• **Task directions**: Drop the pictures and repeat the remaining data exactly.

• **Provided material**:
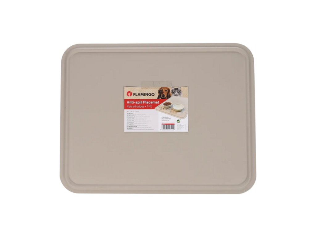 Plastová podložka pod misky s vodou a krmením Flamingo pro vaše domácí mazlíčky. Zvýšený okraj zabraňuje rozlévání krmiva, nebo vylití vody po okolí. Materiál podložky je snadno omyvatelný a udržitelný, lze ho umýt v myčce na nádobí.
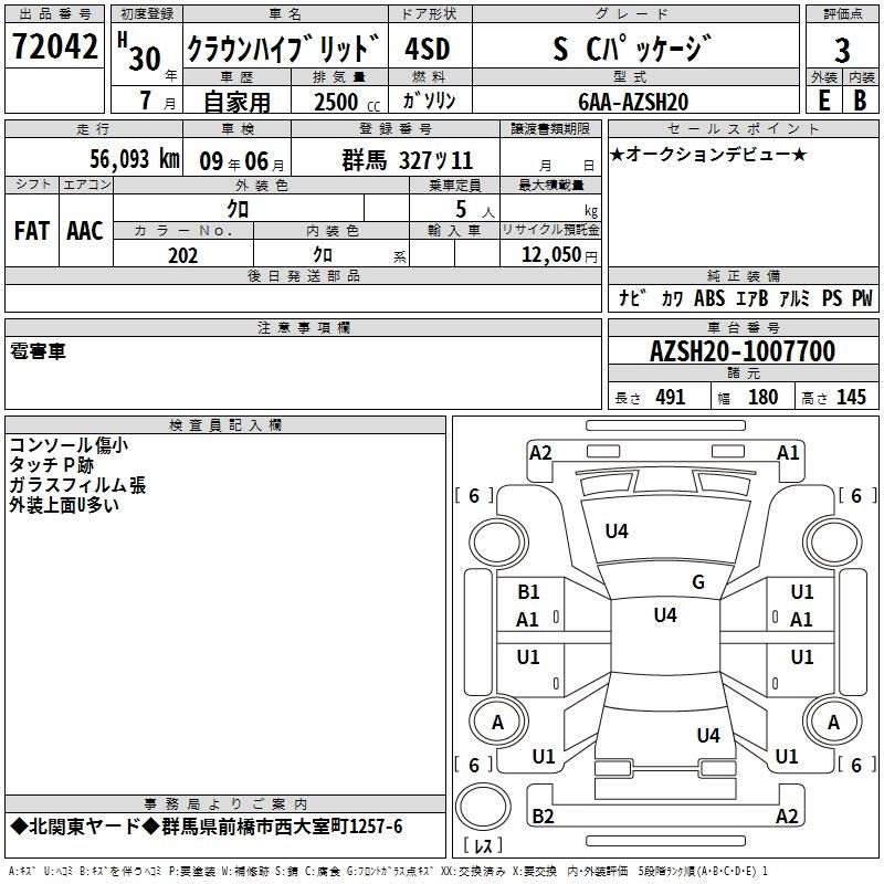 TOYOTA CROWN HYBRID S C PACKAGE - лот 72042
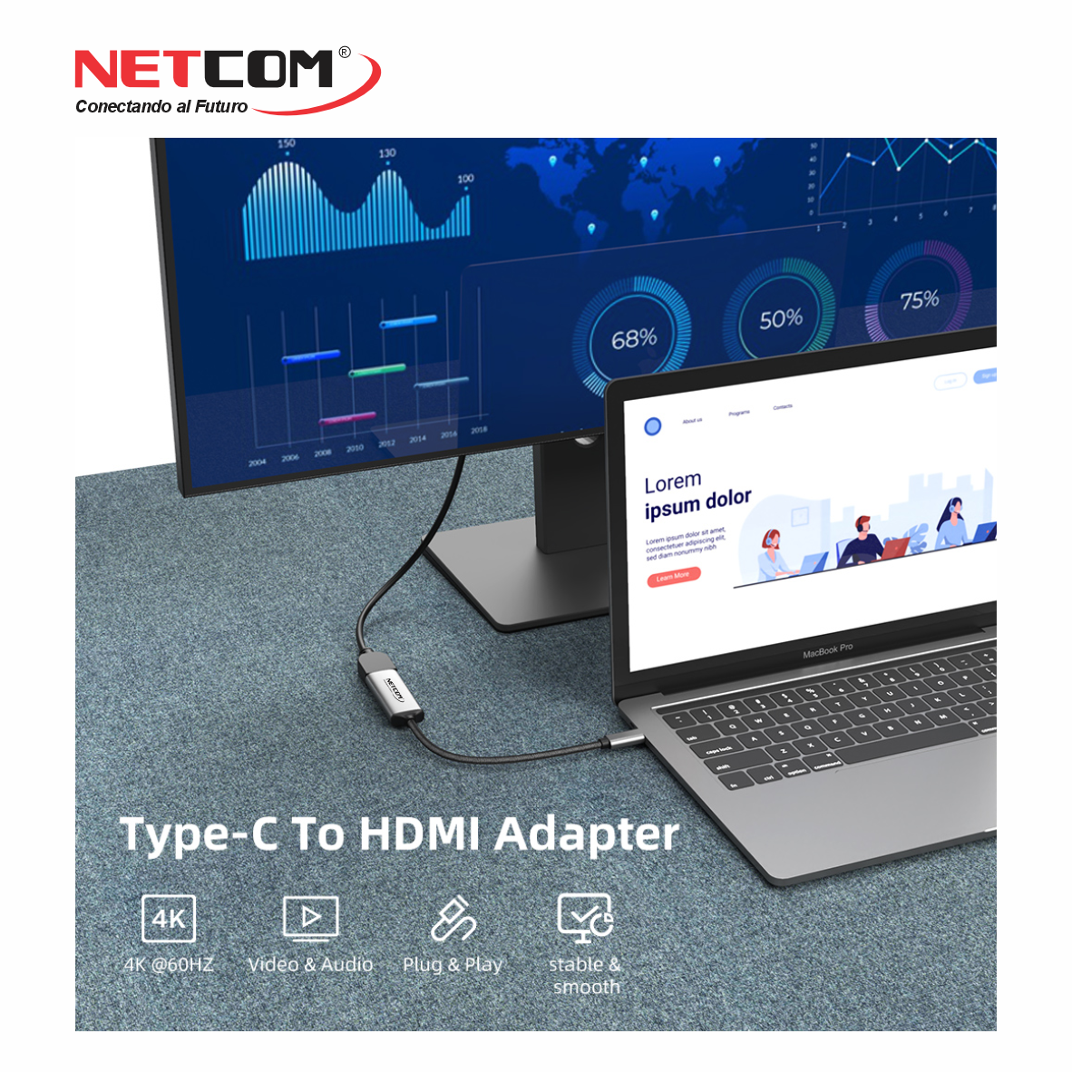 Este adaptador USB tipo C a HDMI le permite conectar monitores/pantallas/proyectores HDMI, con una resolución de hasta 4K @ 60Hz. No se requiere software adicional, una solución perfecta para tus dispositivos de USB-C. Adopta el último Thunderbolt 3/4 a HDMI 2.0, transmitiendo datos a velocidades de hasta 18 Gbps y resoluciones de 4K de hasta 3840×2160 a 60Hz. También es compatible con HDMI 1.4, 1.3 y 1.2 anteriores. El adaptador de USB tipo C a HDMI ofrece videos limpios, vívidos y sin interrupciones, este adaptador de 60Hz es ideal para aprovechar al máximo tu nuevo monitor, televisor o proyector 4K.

• **Result of this task**:
 Plastová podložka pod misky s vodou a krmením Flamingo pro vaše domácí mazlíčky. Zvýšený okraj zabraňuje rozlévání krmiva, nebo vylití vody po okolí. Materiál podložky je snadno omyvatelný a udržitelný, lze ho umýt v myčce na nádobí.
 TOYOTA CROWN HYBRID S C PACKAGE - лот 72042
 Este adaptador USB tipo C a HDMI le permite conectar monitores/pantallas/proyectores HDMI, con una resolución de hasta 4K @ 60Hz. No se requiere software adicional, una solución perfecta para tus dispositivos de USB-C. Adopta el último Thunderbolt 3/4 a HDMI 2.0, transmitiendo datos a velocidades de hasta 18 Gbps y resoluciones de 4K de hasta 3840×2160 a 60Hz. También es compatible con HDMI 1.4, 1.3 y 1.2 anteriores. El adaptador de USB tipo C a HDMI ofrece videos limpios, vívidos y sin interrupciones, este adaptador de 60Hz es ideal para aprovechar al máximo tu nuevo monitor, televisor o proyector 4K.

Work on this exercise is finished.